== Segment start ==
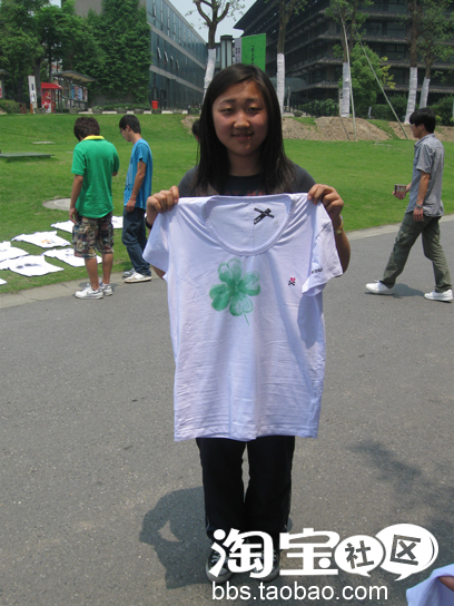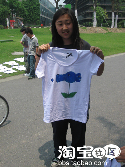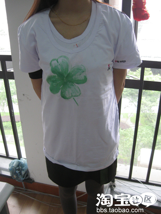 有点难看哦。。。好像小孩子画上去一样的。。色彩不协调呢,建议白色T+浅色颜色画画哟,这样可能会好看点。嘿嘿
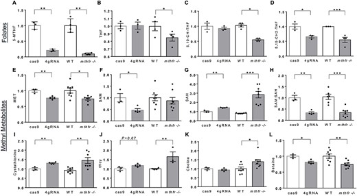 Fig. 6 mthfr deficiency in zebrafish reduces folates and alters 1-carbon cycle methyl metabolites. Relative concentrations of whole-body (A–D) folates and (E–L) related 1-carbon metabolites in zebrafish larvae at 5 dpf. Comparisons were conducted between cas9 versus 4gRNA mthfr crispants (4gRNA) or age-matched WT controls versus mthfr −/− mutants (mthfr −/−, HSC194). Values are mean ± SEM, n = 3–4 biological replicates of pooled zebrafish/group. Each pool was composed of n = 40 larvae for folates and n = 20 larvae for methyl metabolites for cas9 versus 4gRNA mthfr crispants and n = 50 larvae for folates and n = 30 larvae for methyl metabolites for WT versus mthfr −/− mutants. No differences in pooled weight were observed. Analyzed by Student’s t-test stratified by mutagenesis approach. Significant at *P < 0.05, **P < 0.01, ***P < 0.0001. Abbreviations: tHcy, total homocysteine; 5,10-CH-THF, 5,10-methenyltetrahydrofolate; 5,10-CH2-THF, 5,10-methylenetetrahydrofolate.
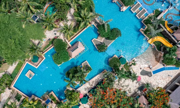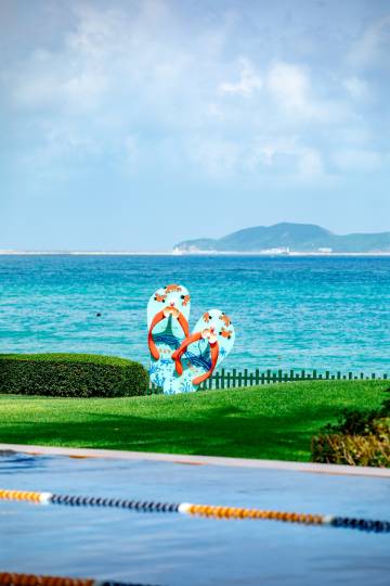 酒店是一线海景,房间步行约2-3分钟可直达沙滩,可下海游泳。有各式各样的海上运动项目,有潜水、香蕉船、帆船及水上游艇等。酒店拥有5个户外泳池。包括1个临海泳池(瑶池),1个绿洲吧泳池,1个环礁湖泳池,1个按摩池及1个儿童泳池。其中冬季开放室外恒温泳池(瑶池),冬季恒温为28℃-30℃。室外恒温泳池受天气影响,故开放时间将视天气调整而不另行通知。
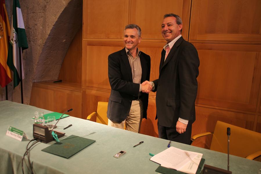 El consejero de Cultura, Paulino Plata, y el de Educación, Francisco Álvarez de la Chica, han firmado un convenio de colaboración entre el Patronato de la Alhambra y Generalife y el Consorcio Parque de las Ciencias. Con este acuerdo se pretende fomentar actividades educativas y de divulgación cultural y científica en el ámbito expositivo, en la innovación tecnológica y en la promoción de sus actividades.
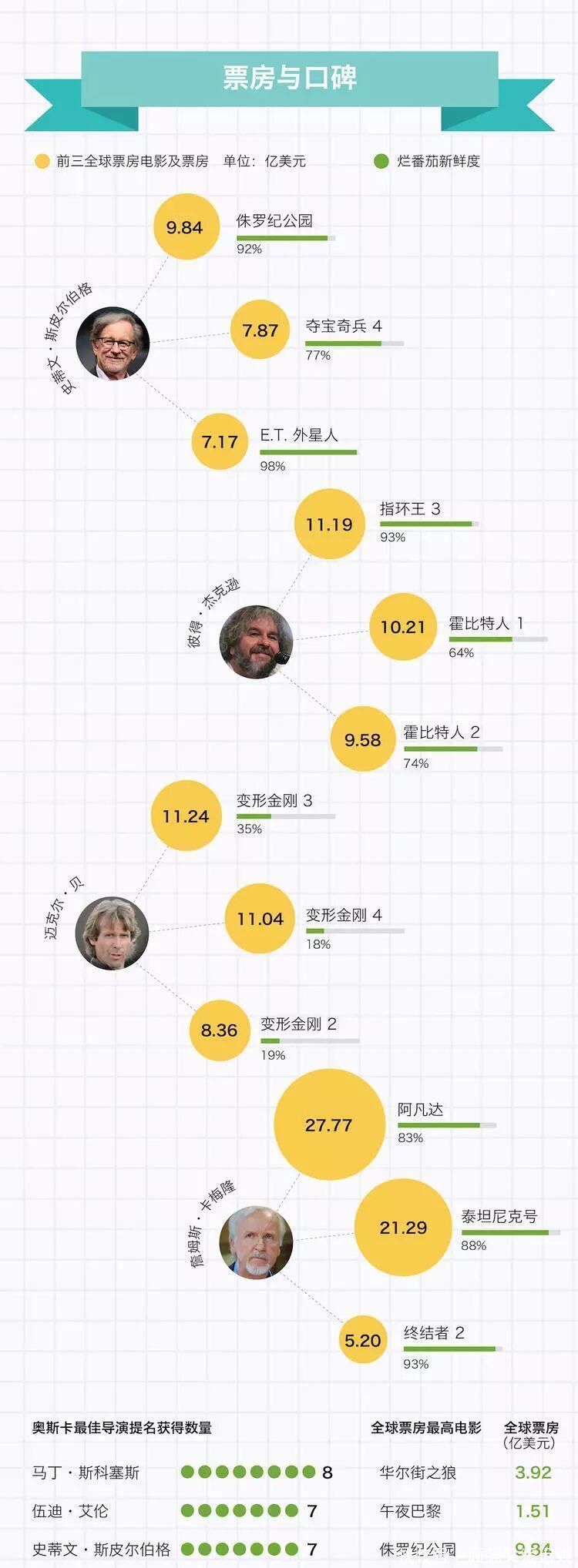 数量也是斯皮尔伯格能够在票房上一骑绝尘的因素。在全球电影票房的榜单上,斯皮尔伯格的《侏罗纪世界》只排在第 27。成为导演票房冠军,是因为他能够产出众多质量上乘的作品。相比之下,虽然坐拥票房前二的两部作品,卡梅隆其他的作品反响欠佳,而他的阿凡达后续系列雷声大雨点小,成为了“有生之年”系列。
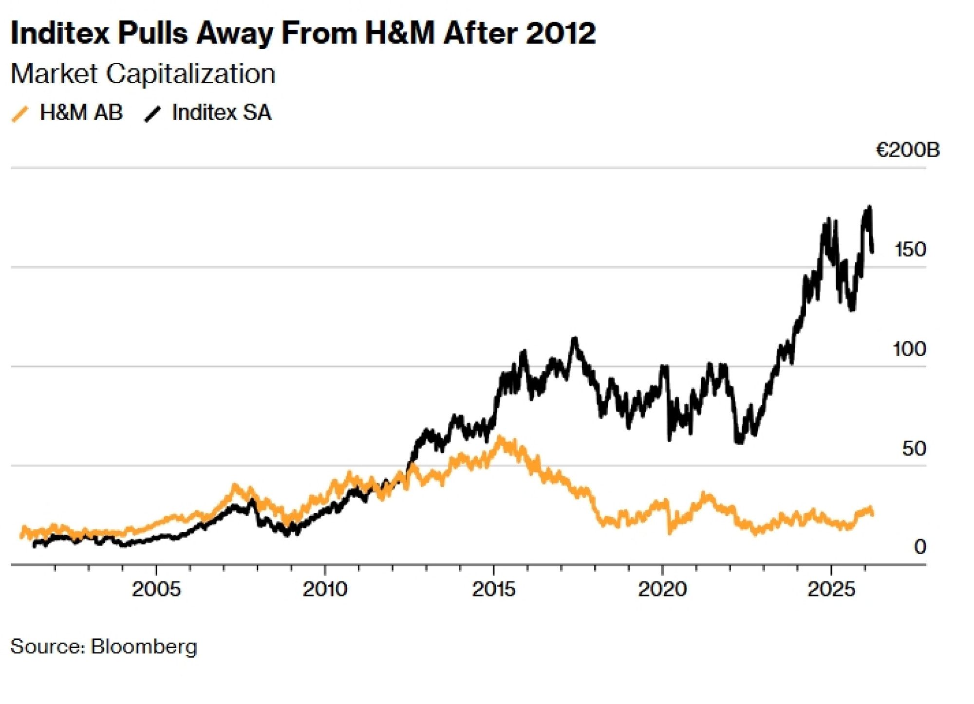 Prije desetljeća, na H&M i Inditex gledalo se kao na jednake partnere. Dvije su tvrtke početkom 2010-ih ostvarivale široko usporedivu dobit. Međutim, po tržišnoj vrijednosti, Inditex se počeo odvajati nakon otprilike 2012. godine.
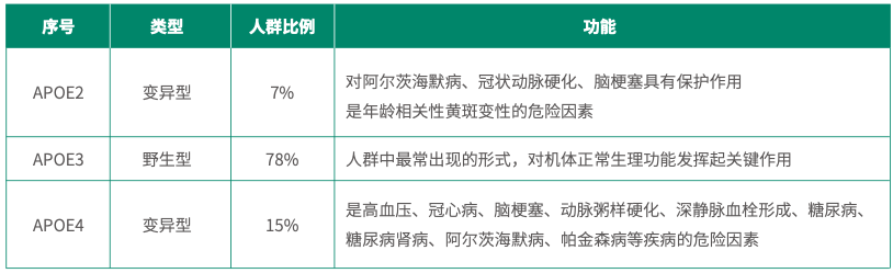 通过检测决定APOE蛋白多态性的两个基因位点,评估其对心脑血管疾病、代谢类疾病等患病风险的影响,指导受检者进行有效的预防和治疗,包括调整饮食、改善生活方式、适当使用药物、加强体检等。
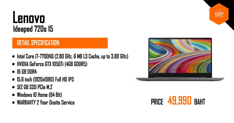 Lenovo - Ideapad 720s (15) เบาแค่ 1.9 โล สเปก i7-7700HQ + GTX 1050Ti + RAM 16GB + SSD 512GB + Windows 10Feb 4, 2018
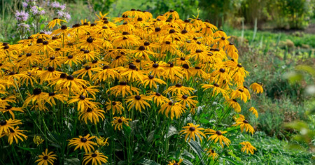 - Susana de ojo negro (Rudbeckia hirta): flores amarillas resistentes; atraen polinizadores y depredadores
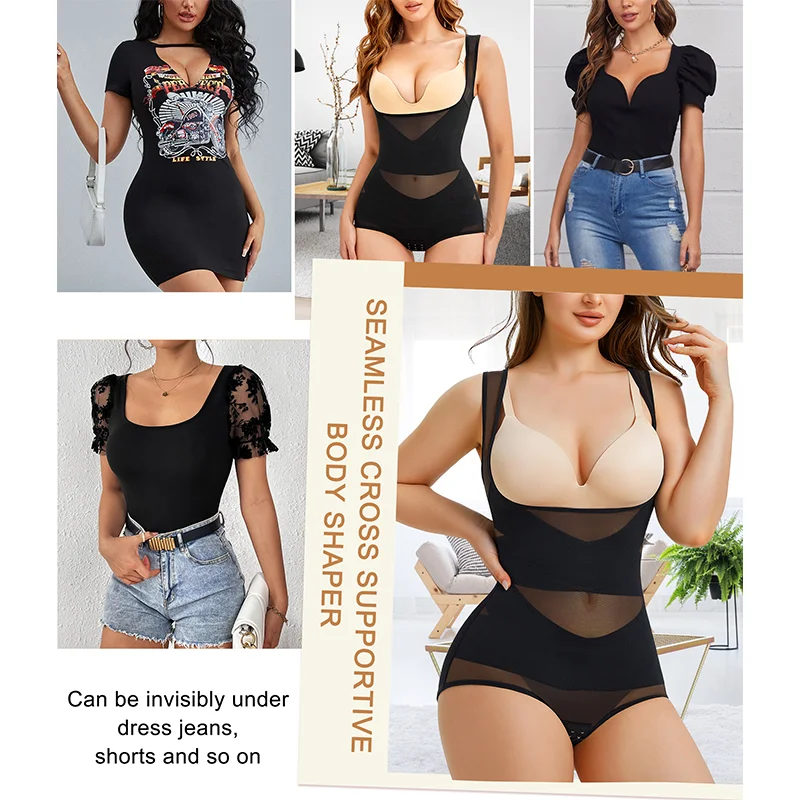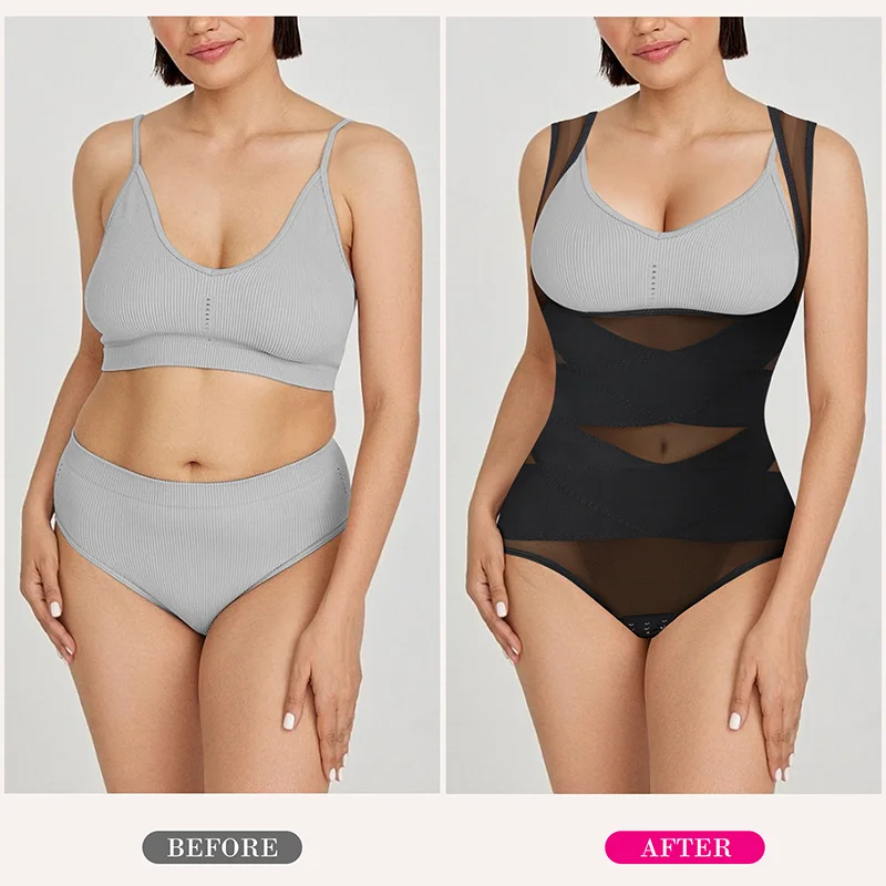 This open bust shapewear with criss-cross double layers fabric on the midsection compresses excess fat, accentuates hourglass curves, and provides tummy control like a waist trainer for women. The X-shaped back design offers support, coverage, and improved posture while reducing rolls and back fat bulges. Slimming body shaper for women sculpture waistline to help have an hourglass look and it won't roll down due to the sturdy straps. |
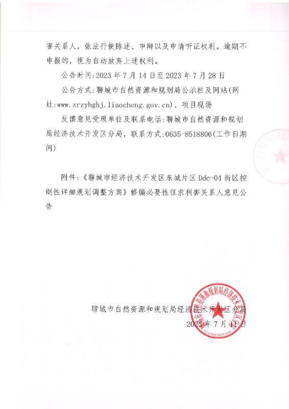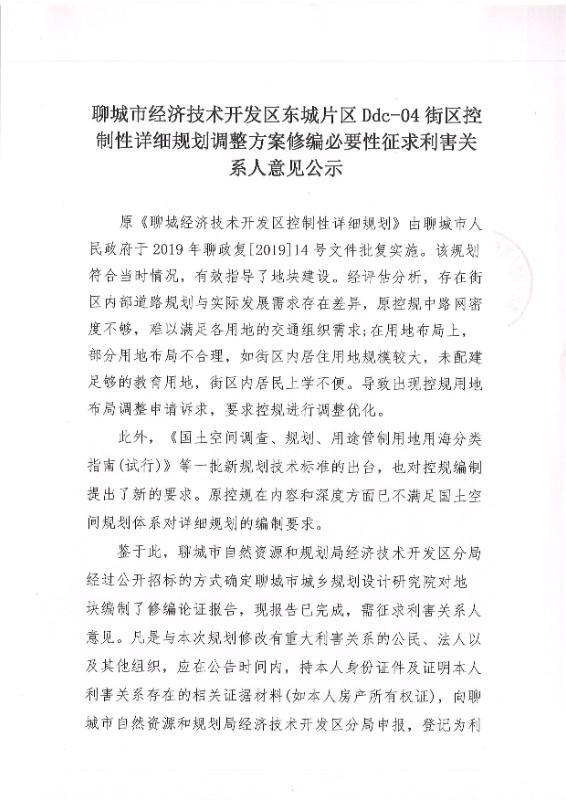 规划名称:聊城市经济技术开发区Ddc-04街区控制性详细规划调整方案修编必要性论证
== Segment end ==
— WORK INSTRUCTIONS —
Exactly reproduce the lines beginning at the one that contains "El consejero de" and ending at the final line of the material, with the pictures left out.

— ANSWER SPACE —
 El consejero de Cultura, Paulino Plata, y el de Educación, Francisco Álvarez de la Chica, han firmado un convenio de colaboración entre el Patronato de la Alhambra y Generalife y el Consorcio Parque de las Ciencias. Con este acuerdo se pretende fomentar actividades educativas y de divulgación cultural y científica en el ámbito expositivo, en la innovación tecnológica y en la promoción de sus actividades.
 数量也是斯皮尔伯格能够在票房上一骑绝尘的因素。在全球电影票房的榜单上,斯皮尔伯格的《侏罗纪世界》只排在第 27。成为导演票房冠军,是因为他能够产出众多质量上乘的作品。相比之下,虽然坐拥票房前二的两部作品,卡梅隆其他的作品反响欠佳,而他的阿凡达后续系列雷声大雨点小,成为了“有生之年”系列。
 Prije desetljeća, na H&M i Inditex gledalo se kao na jednake partnere. Dvije su tvrtke početkom 2010-ih ostvarivale široko usporedivu dobit. Međutim, po tržišnoj vrijednosti, Inditex se počeo odvajati nakon otprilike 2012. godine.
 通过检测决定APOE蛋白多态性的两个基因位点,评估其对心脑血管疾病、代谢类疾病等患病风险的影响,指导受检者进行有效的预防和治疗,包括调整饮食、改善生活方式、适当使用药物、加强体检等。
 Lenovo - Ideapad 720s (15) เบาแค่ 1.9 โล สเปก i7-7700HQ + GTX 1050Ti + RAM 16GB + SSD 512GB + Windows 10Feb 4, 2018
 - Susana de ojo negro (Rudbeckia hirta): flores amarillas resistentes; atraen polinizadores y depredadores
 This open bust shapewear with criss-cross double layers fabric on the midsection compresses excess fat, accentuates hourglass curves, and provides tummy control like a waist trainer for women. The X-shaped back design offers support, coverage, and improved posture while reducing rolls and back fat bulges. Slimming body shaper for women sculpture waistline to help have an hourglass look and it won't roll down due to the sturdy straps. |
 规划名称:聊城市经济技术开发区Ddc-04街区控制性详细规划调整方案修编必要性论证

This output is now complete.